# GPS Tracking



## boxerulez (17/3/17)

Hi Guys

Cheapest device for real time tracking to fit to a select few of my company vehicles?

Looking for something like a cheap little android device that takes a sim and uses almost NO battery life just to be able to log in and see where the hell these okes are taking the piss during work hours.

Yes yes they will be informed that we are fitting tracking devices to their vehicles as part of their contract renewals.

(Background)

Yesterday our vehicle is broken into at 16h30 exactly, but today the guy only shows up to work at 14h00 dik babelas.


----------



## Comrad Juju (17/3/17)

boxerulez said:


> Hi Guys
> 
> Cheapest device for real time tracking to fit to a select few of my company vehicles?
> 
> ...



Use one of the tracking company. +-R125 a month and its 24 hour tracking. You can also set up notifications for speeding and if they stop in restricted areas.

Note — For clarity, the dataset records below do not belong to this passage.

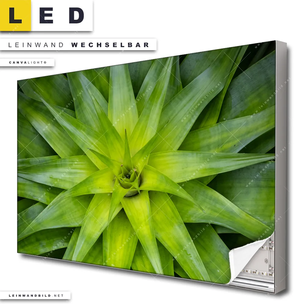 Du konfigurierst Dein individuelles LED Leinwandbild Canvalight® TEX | Spitze Agavenblätter | Querformat und wir produzieren es NEU für Dich. Unsere Blumen - Botanik LED Bilder mit wechselbarer Textil-Leinwand sind KEINE Lagerware. Du bist Dir unsicher, welches Motiv oder Format das richtige für dein individuelles Canvalight® Leuchtbild ist, dann helfen wir dir gerne weiter und beraten dich!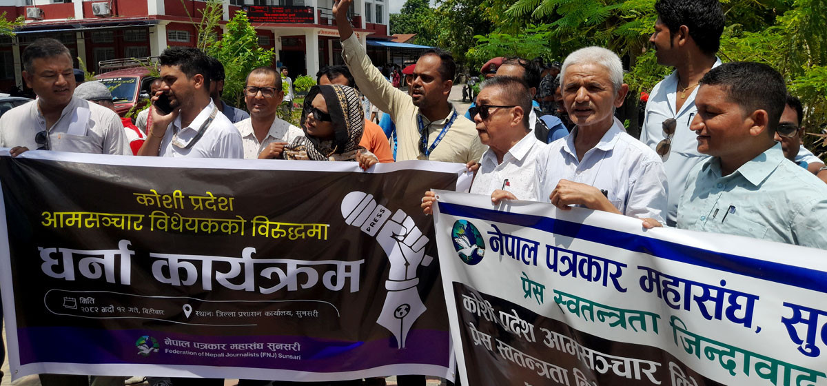 नेपाल पत्रकार महासंघ कोशी प्रदेशको अगुवाइमा प्रदेशभरका पत्रकार भदौं ९ गतेदेखि चरणबद्ध आन्दोलनमा उत्रिएका हुन् ।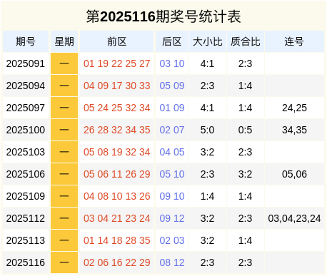 大乐透近十周同星期奖号统计表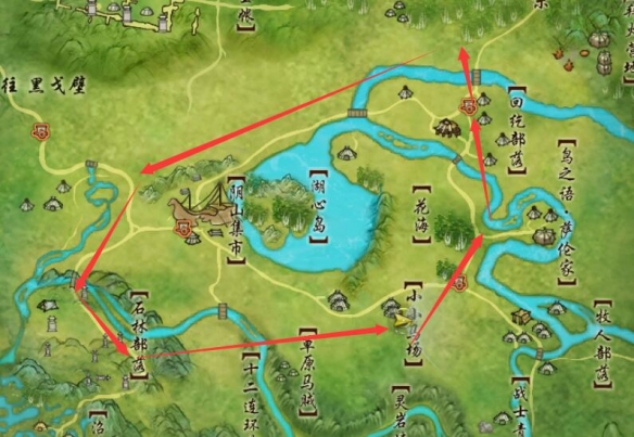 4、想要抓赤兔的玩家按照图示路线循环找即可。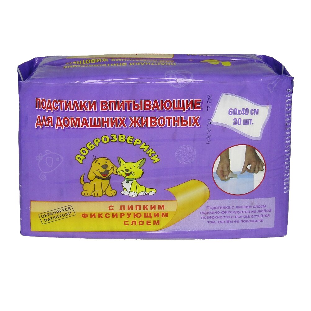 Доброзверики подстилки для животных с липким фиксирующим слоем, 60х40 см, 30 шт

Just stay away from matrix/ mix telematics as they are totally useless.


Sent from my iPhone using Tapatalk


----------



## Cespian (22/3/17)

C-Track or Tracker. I worked in the Telemetry industry for about 6 years (until about 2 years ago) and can say for sure that:

Netstar's units are as good as door stoppers
Mix Telematics focuses on big fleets with big trucks hence costly for a decent unit
Global Telematics (now PointerSA) also focuses on big fleets and costly for decent units

If you are cash strung, consider Bidtrack (from Bidvest) however, the cost will not be too far off from C-Track. All 3 of the preferred companies uses GPS over GPRS/GSM technologies rather than the shitty Scatter GPS that Mix telematics came out with on their low range units and the even worse RF Beacon tech that Netstar used. Just ask them for a unit that has user inputs and request a Quote to connect your car alarm system (probably connected to the siren with a 2 to 5 second debounce/delay) and you can get notified of break-ins too. 

Prices range between R140 to R350 p/m p/p depending on your requirements.


----------



## Comrad Juju (22/3/17)

Can I disagree and say we have a small fleet of 13 vehicles with mix and we pay R125 a month per vehicle


My main problem with them is the gps units/ imobilizers pops fuses and it takes ages for them to come out and sort the problem. Has happened to 5 of our vehicles to date and was installed by different technicians.

All different types of vehicles- ford, Hino, Isuzu, Mazda 


Sent from my iPhone using Tapatalk


----------